1. On the [Google Cloud](https://cloud.google.com/) page, select **Start Free**, then enter the required
data and accept the terms of service.
{{% alert title="Note" color="primary" %}}
Google requires to add payment, you will need a bank card to accomplish step 2.
{{% /alert %}}
1. [Create a Bucket](https://cloud.google.com/storage/docs/creating-buckets) with the following parameters:
- **Name your bucket**: Unique name.
- **Choose where to store your data**: Set up a location nearest to you.
- **Choose a storage class for your data**: `Set a default class` > `Standard`.
- **Choose how to control access to objects**: `Enforce public access prevention on this bucket` >
`Uniform` (default).
- **How to protect data**: `None`
![GB](/images/google_bucket.png)
You will be forwarded to the bucket.
### Upload data
{{% alert title="Note" color="primary" %}}
The manifest file is optional.
{{% /alert %}}
You need to upload data for annotation and the `manifest.jsonl` file.
1. Prepare data.
For more information,
consult [prepare the dataset](#prepare-the-dataset).
1. Open the bucket and from the top menu
select **Upload files** or **Upload folder**
(depends on how your files are organized).
### Access permissions
To access Google Cloud Storage get a **Project ID**
from [cloud resource manager page](https://console.cloud.google.com/cloud-resource-manager)
![Project ID shown in Google Cloud Storage interface](/images/google_cloud_storage_tutorial5.jpg)
And follow instructions below based on the preferable type of access.
#### Authenticated access
For authenticated access you need to create a service account and key file.
To create a service account:
1. On the Google Cloud platform, go to **IAM & Admin** > **Service Accounts** and select **+Create Service Account**.
1. Enter your account name and select **Create And Continue**.
1. Select a role, for example **Basic** > **Viewer**, and select **Continue**.
1. (Optional) Give access rights to the service account.
1. Select **Done**.
![Creating service account shown in Google Cloud Storage interface](/images/google_cloud_storage_tutorial2.jpg)
To create a key:
1. Go to **IAM & Admin** > **Service Accounts** > select on account name > **Keys**.
1. Select **Add key** and select **Create new key** > **JSON**
1. Select **Create**. The key file will be downloaded automatically.
![Google Cloud Storage interface with highlighted steps to create a key](/images/google_cloud_storage_tutorial3.jpg)

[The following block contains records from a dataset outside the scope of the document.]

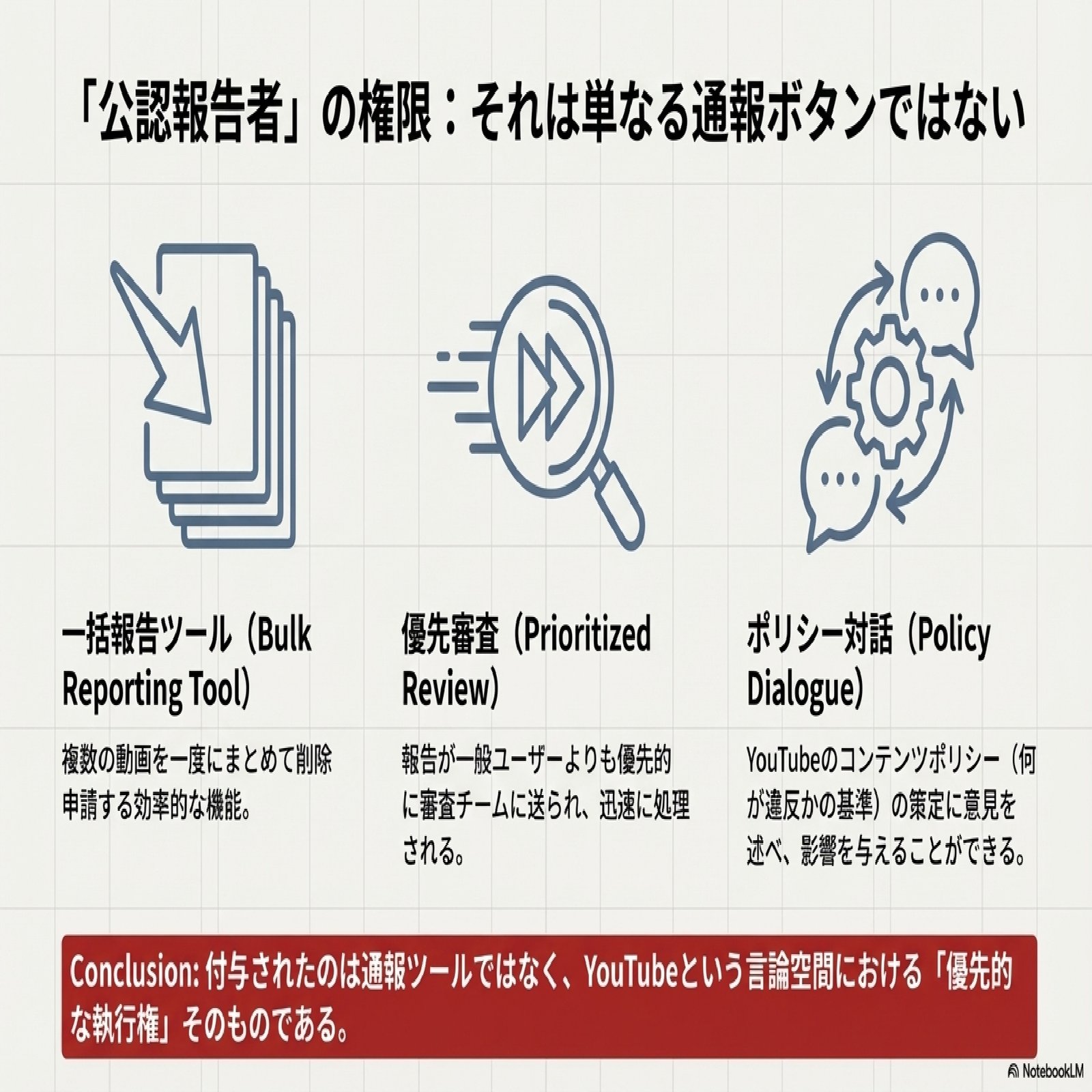 公認報告者に与えられた権限は、一般ユーザーが持つ報告機能とは質的に全く異なるものであった。それは単なる「通報」ではなく、プラットフォームの意思決定プロセスに深く関与する「優先的な執行権」であった。
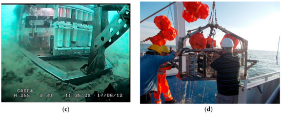 The Amerigo Lander photographed in some operational phases: (a) In the water before release; (b) on the seabed (view from above); (c) on the seabed (lateral view); and (d) on board after recovery.
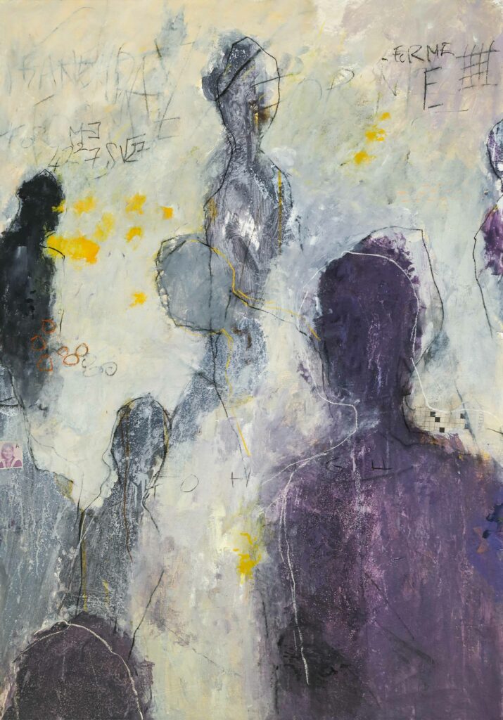 Entre abstraction et figuration, avec en arrière-plan un monde en désordre, j'explore l'être humain, espèce d’animal mal élevé, aux frontières d’un univers imaginaire et fantaisiste.
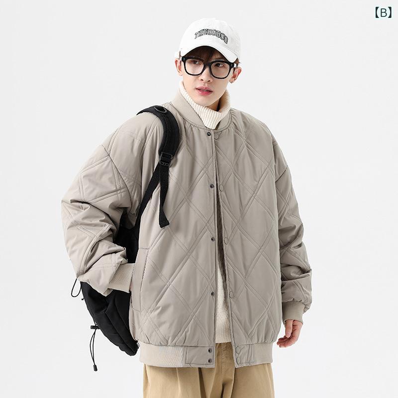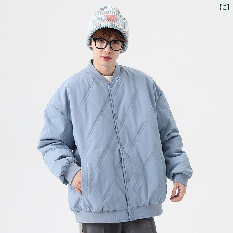 ・カテゴリ: 中綿ジャケット・スタイル: 韓国・対象年齢層: 20代~30代・性別: メンズ・シルエット: ゆったり・襟型: スタンドカラー・前立て: シングルボタン・厚さ: 厚手・柄: 無地・中綿: コットン・主な素材: ポリエステル・裏地素材: ポリエステル・加工: ノンアイロン・着用シーン: カジュアル・カラー展開: ブラック、カーキ、ブルー、キャメル・サイズ展開: M、L、XL、XXL
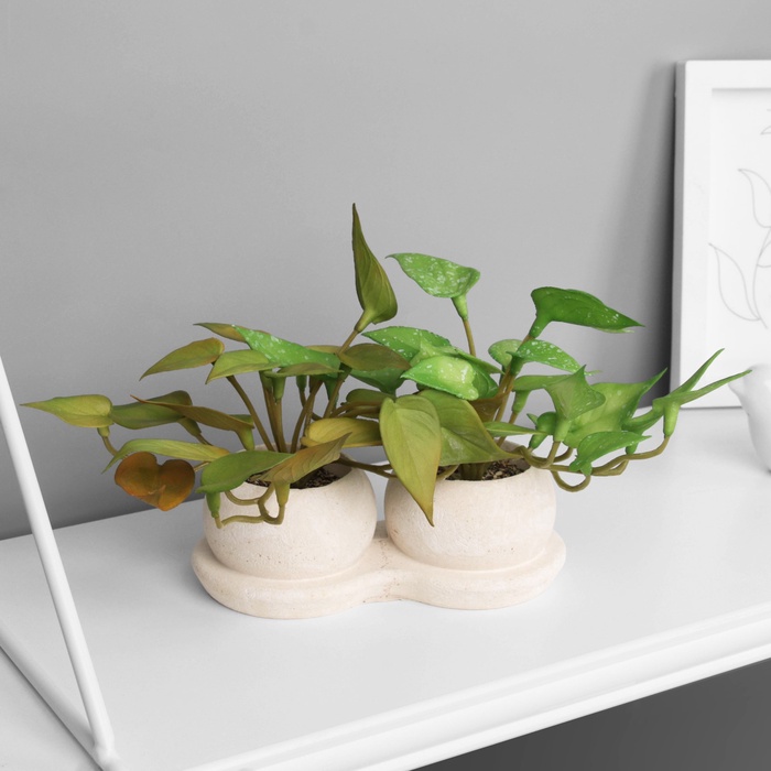 Создайте уют и стиль в вашем интерьере! Искусственный Сингониум в декоративном горшке – это изысканное решение для тех, кто хочет добавить в дом зелень без лишних хлопот. Эта двойная композиция высотой 12 см станет идеальным украшением вашего дома или офиса.
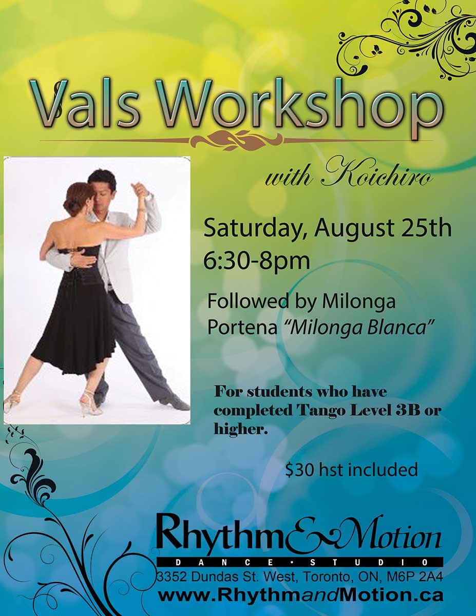 Saturday, Aug 25, 2018, 6:30 am - 8:00 pm Vals workshop with Koichiro Rhythm & Motion Dance Studio 3352 Dundas St West, Toronto, Ontario $30
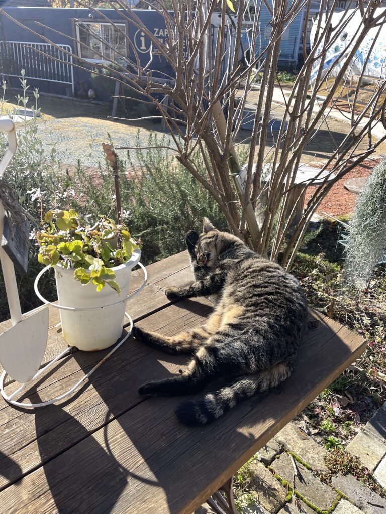 お外のミシン台の上で気持ちよさそうに毛繕いしながら日向ぼっこ。
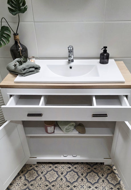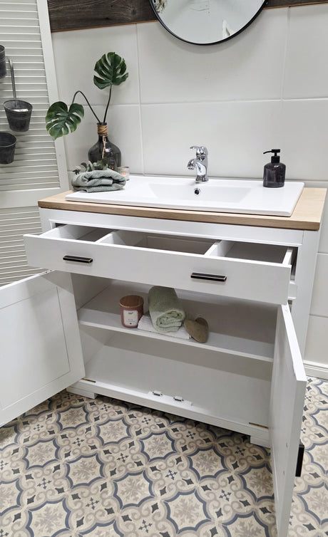 Bringen Sie den Charme des Landlebens in Ihr Bad! Mit unseren einzigartigen Waschtischen im Landhausstil schaffen Sie eine gemütliche Atmosphäre. Warmes Holz, harmonische Farbtöne und eine wasserabweisende Versiegelung – pure Wohlfühlmomente garantiert!
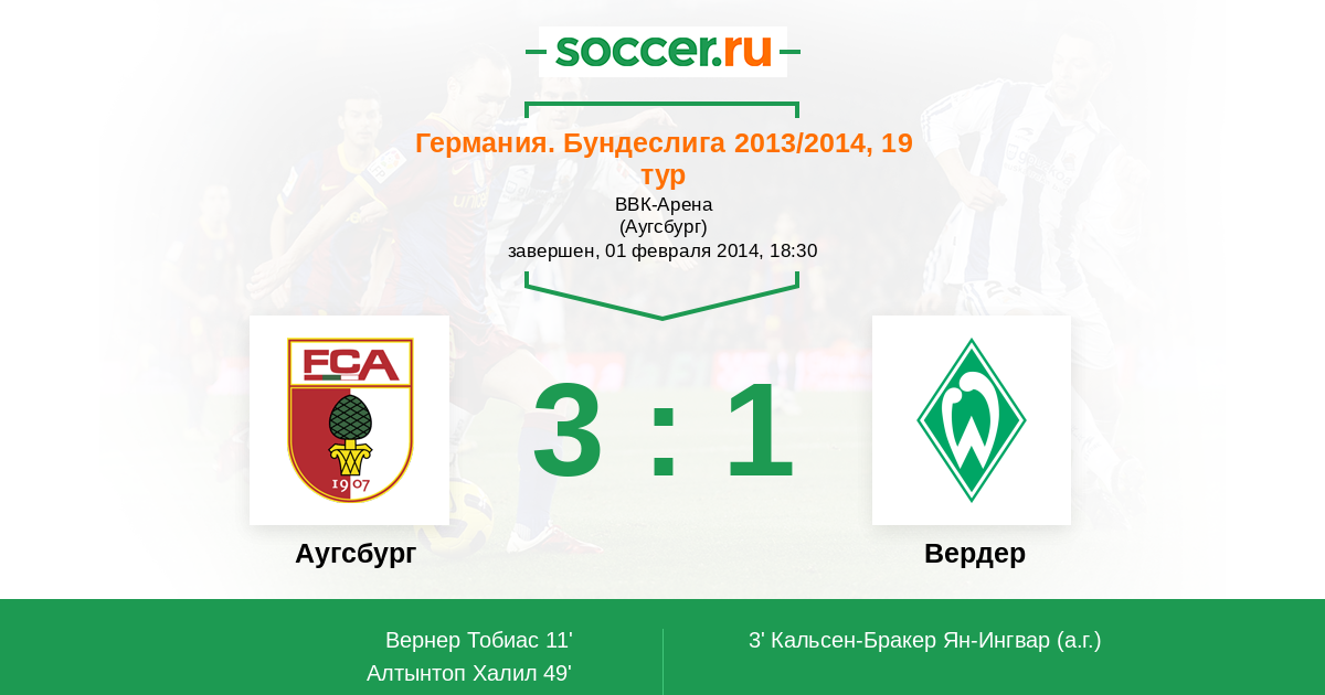 Германия. Бундеслига 17.08.2013 Вердер Логотип футбольный клуб Вердер (Бремен) 1:0 Логотип футбольный клуб Аугсбург Аугсбург

For more information about keys, consult
[Learn more about creating keys](https://cloud.google.com/docs/authentication/getting-started).
#### Anonymous access
To configure anonymous access:
1. Open the bucket and go to the **Permissions** tab.
1. Click **+ Grant access** to add new principals.
1. In the **New principals** field specify `allUsers`,
select roles: `Cloud Storage Legacy` > `Storage Legacy Bucket Reader`.
1. Select **Save**.
![Google Cloud Storage interface with anonymous access configuration](/images/google_cloud_storage_tutorial4.jpg)
Now you can attach the Google Cloud Storage bucket to CVAT.
### Attach Google Cloud Storage
To attach storage, do the following:
1. Log into CVAT and in the separate tab
open your [bucket](https://console.cloud.google.com/storage/browser)
page.
1. In the CVAT, on the top menu select **Cloud storages** > on the opened page select **+**.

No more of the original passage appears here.